> Collected material
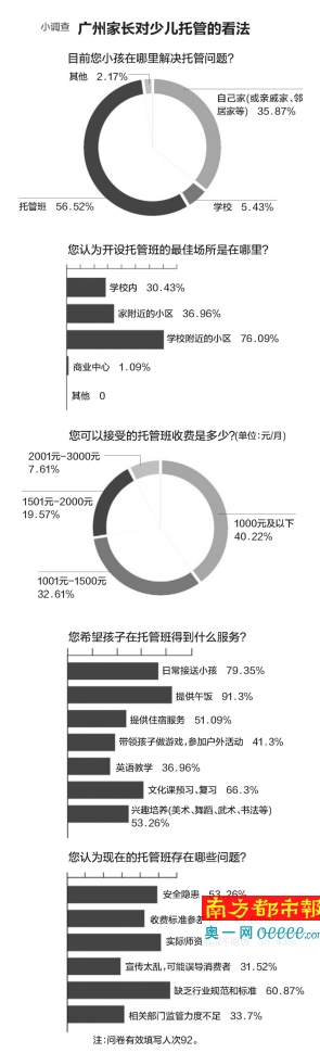 全市有著正式牌照的托管機(jī)構(gòu)有多少家?根據(jù)2014年廣州市工商局給出的數(shù)據(jù)是13家,不過,這13家中大部分因不符合相關(guān)許可要求,經(jīng)營(yíng)范圍并不包括寄膳、寄宿和交通運(yùn)輸,僅“為家長(zhǎng)接送學(xué)生并托管”。
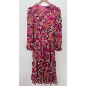 SALONI Isabel Floral Long Puff Sleeve 100% Silk Maxi Dress Size 0
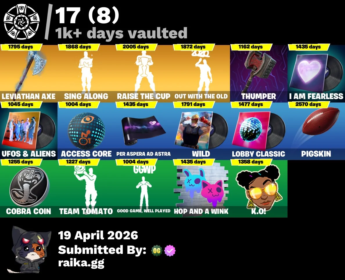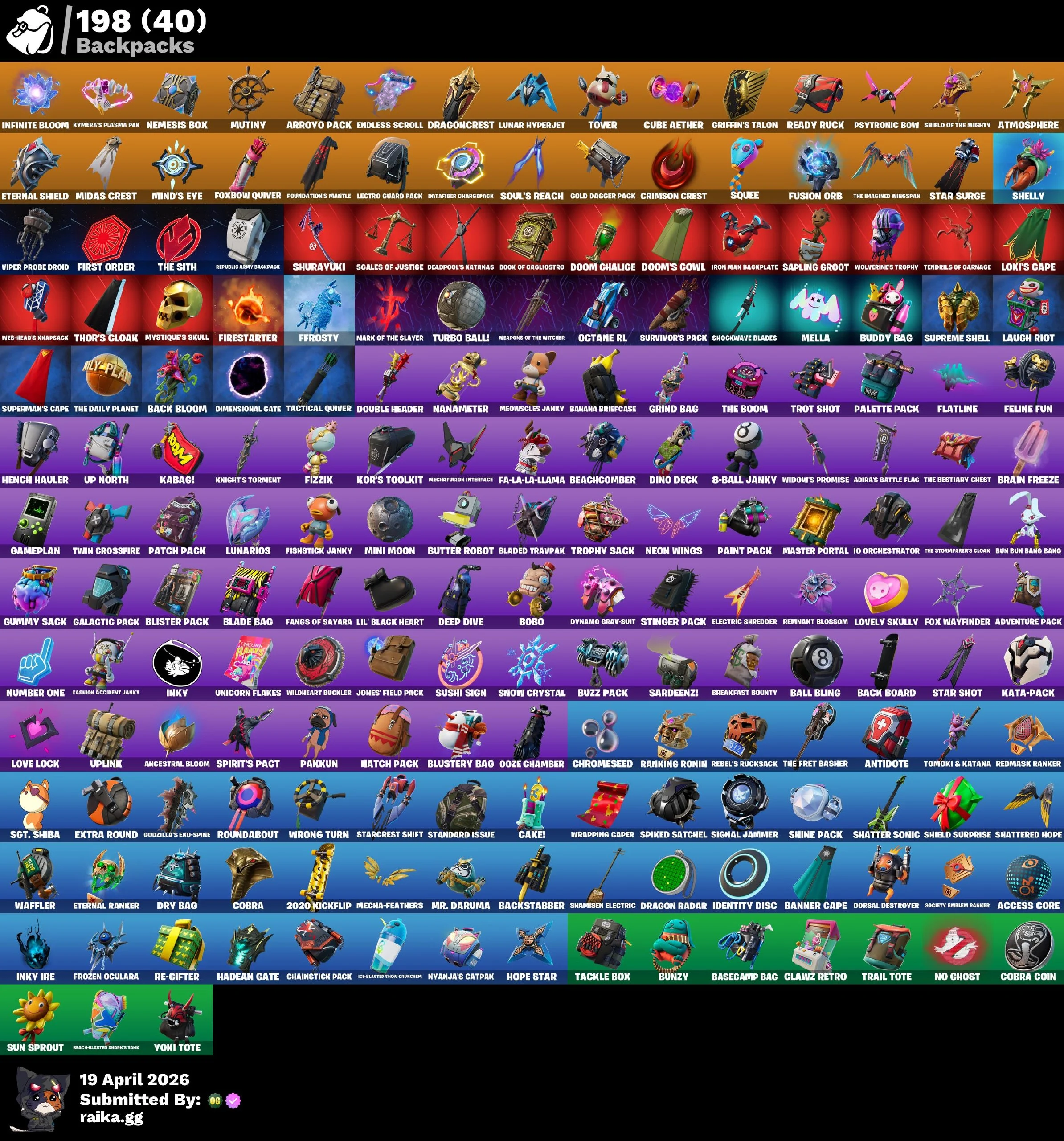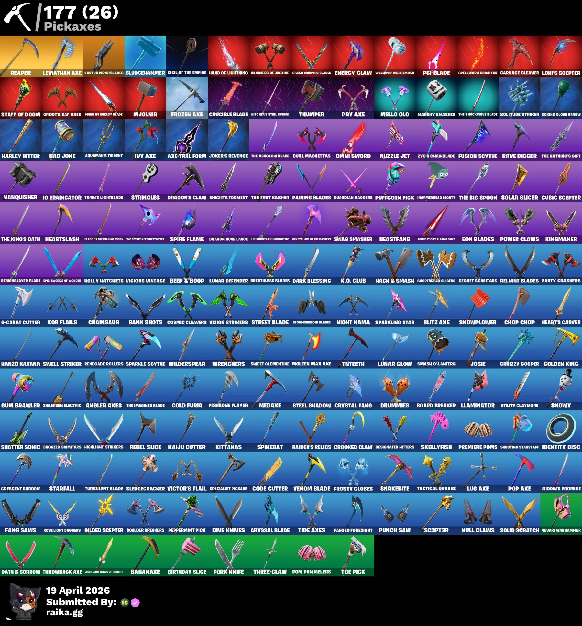 [PC/PSN/XBOX/Nintendo] 162 skins F/A : Leviathan Axe | Goku Black | Kakashi Hatake | Gold Brutus | Gold Midas | Gold Meowscles | Tart Tycoon | Sorana | The Scientist | The Imagined | Vi

> What is required
I'd like the material duplicated exactly, without its pictures.

> Reply
 全市有著正式牌照的托管機(jī)構(gòu)有多少家?根據(jù)2014年廣州市工商局給出的數(shù)據(jù)是13家,不過,這13家中大部分因不符合相關(guān)許可要求,經(jīng)營(yíng)范圍并不包括寄膳、寄宿和交通運(yùn)輸,僅“為家長(zhǎng)接送學(xué)生并托管”。
 SALONI Isabel Floral Long Puff Sleeve 100% Silk Maxi Dress Size 0
 [PC/PSN/XBOX/Nintendo] 162 skins F/A : Leviathan Axe | Goku Black | Kakashi Hatake | Gold Brutus | Gold Midas | Gold Meowscles | Tart Tycoon | Sorana | The Scientist | The Imagined | Vi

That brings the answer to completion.